§ **What to do**: A faithful copy of the listing below is needed, with its pictures left out.

§ **Material provided**:
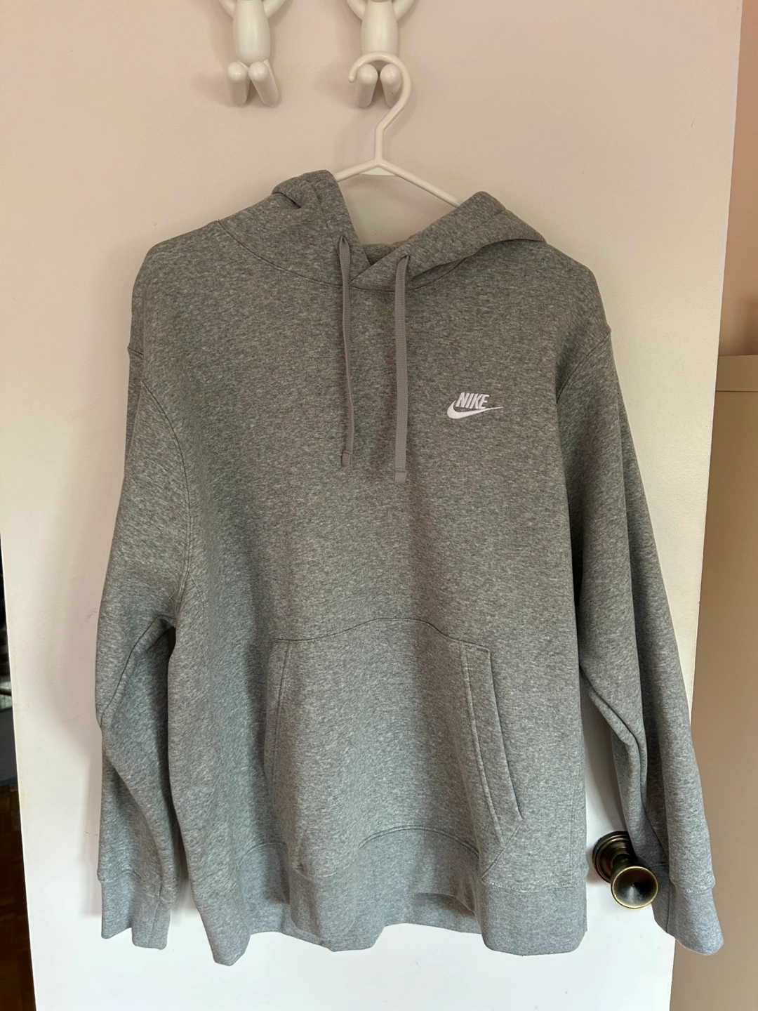 Selling a gently used Nike hoodie in a versatile grey colour. It's a size large (men’s) and in great condition. Perfect for layering or just lounging around. I took the tag off, and only wore once to try on.
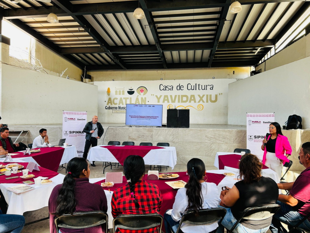 Acatlán, Pue. — El Gobierno Municipal, encabezado por Lupita Bárcenas, fue sede de la Onceava Reunión Regional de Trabajo de Secretarías Ejecutivas de los SIPINNA Estatal y Municipales. El encuentro, celebrado en la Casa de Cultura Yavidaxiu, convocó a representantes de diversos municipios de la región. Foto: Gobierno Municipal de Acatlán El evento buscó fortalecer las acciones y estrategias conjuntas que garanticen y protejan los derechos de las niñas, niños y adolescentes, priorizando siempre su bienestar y futuro. Foto: Gobierno Municipal de Acatlán El Ayuntamiento destacó que Acatlán continúa consolidándose como un referente de unidad y sensibilidad social, abriendo sus puertas al diálogo intermunicipal para impulsar causas que transforman positivamente las vidas de los más jóvenes. Navegación de entradas Refuerzan los tres órdenes de gobierno acciones en materia de salud Inician Construcción de Plaza Cívica en Jardín de Niños Xochicalco
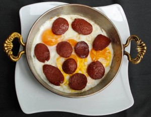 Afyon’a sabaha karşı girdik. Gözlerimiz sadece şekerleme ve sucuk reklamlarına takılıyor. Dükkanlar ışıl ışıl. Bir reklam panosu dikkatimizi çekti: ‘sahanda sucuklu yumurta’.. Adresi de belli. Yolumuz üzerinde büyük bir tesis. Sessizce ikimizde kararı vermiştik. “İşte yemeğim bu”
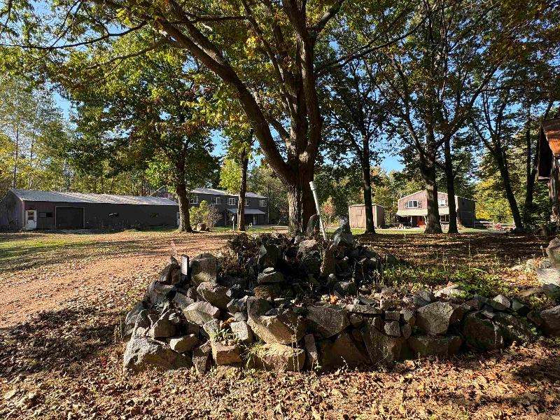You don't want to miss this incredible one of a kind of opportunity, ! Passing through the gates the winding paved drive will bring you to the courtyard featuring two very impressive large buildings and the spacious unique home. All of this sits on 4+ tranquil acres with a creek meandering through. You'll enjoy the beautiful views from several outdoor venues, including decks, covered porch and screened rooms. As mentioned, this is a very unique home having only had one owner who designed and built it. Once you see it, you'll be excited to bring your own imagination and ideas.! Bountiful storage, multiple rooms, an office, main floor laundry, three bedrooms, two bathrooms plus a large inviting bar room and steel roof. The buildings you saw as you drove in are very impressive in size. The smaller one (approximately 30 x 75)is insulated, with both water and electricity. This one features several rooms, bathroom, and a massive garage area with large overhead door. In addition, there is a second floor which could be converted to an apartment for extra income. The second building (approximately 30x130') may be perfect for your business or whatever your dreams are. This building also has electricity, water and three overhead doors. Location can't be beat! Central to Marshfield, WI Rapids & Steven's Point. This is a property that cannot be appreciated without seeing in person. Seller is offering this property as is so bring your imagination and come take a look for yourself!!

§ **Final answer**:
 Selling a gently used Nike hoodie in a versatile grey colour. It's a size large (men’s) and in great condition. Perfect for layering or just lounging around. I took the tag off, and only wore once to try on.
 Acatlán, Pue. — El Gobierno Municipal, encabezado por Lupita Bárcenas, fue sede de la Onceava Reunión Regional de Trabajo de Secretarías Ejecutivas de los SIPINNA Estatal y Municipales. El encuentro, celebrado en la Casa de Cultura Yavidaxiu, convocó a representantes de diversos municipios de la región. Foto: Gobierno Municipal de Acatlán El evento buscó fortalecer las acciones y estrategias conjuntas que garanticen y protejan los derechos de las niñas, niños y adolescentes, priorizando siempre su bienestar y futuro. Foto: Gobierno Municipal de Acatlán El Ayuntamiento destacó que Acatlán continúa consolidándose como un referente de unidad y sensibilidad social, abriendo sus puertas al diálogo intermunicipal para impulsar causas que transforman positivamente las vidas de los más jóvenes. Navegación de entradas Refuerzan los tres órdenes de gobierno acciones en materia de salud Inician Construcción de Plaza Cívica en Jardín de Niños Xochicalco
 Afyon’a sabaha karşı girdik. Gözlerimiz sadece şekerleme ve sucuk reklamlarına takılıyor. Dükkanlar ışıl ışıl. Bir reklam panosu dikkatimizi çekti: ‘sahanda sucuklu yumurta’.. Adresi de belli. Yolumuz üzerinde büyük bir tesis. Sessizce ikimizde kararı vermiştik. “İşte yemeğim bu”
You don't want to miss this incredible one of a kind of opportunity, ! Passing through the gates the winding paved drive will bring you to the courtyard featuring two very impressive large buildings and the spacious unique home. All of this sits on 4+ tranquil acres with a creek meandering through. You'll enjoy the beautiful views from several outdoor venues, including decks, covered porch and screened rooms. As mentioned, this is a very unique home having only had one owner who designed and built it. Once you see it, you'll be excited to bring your own imagination and ideas.! Bountiful storage, multiple rooms, an office, main floor laundry, three bedrooms, two bathrooms plus a large inviting bar room and steel roof. The buildings you saw as you drove in are very impressive in size. The smaller one (approximately 30 x 75)is insulated, with both water and electricity. This one features several rooms, bathroom, and a massive garage area with large overhead door. In addition, there is a second floor which could be converted to an apartment for extra income. The second building (approximately 30x130') may be perfect for your business or whatever your dreams are. This building also has electricity, water and three overhead doors. Location can't be beat! Central to Marshfield, WI Rapids & Steven's Point. This is a property that cannot be appreciated without seeing in person. Seller is offering this property as is so bring your imagination and come take a look for yourself!!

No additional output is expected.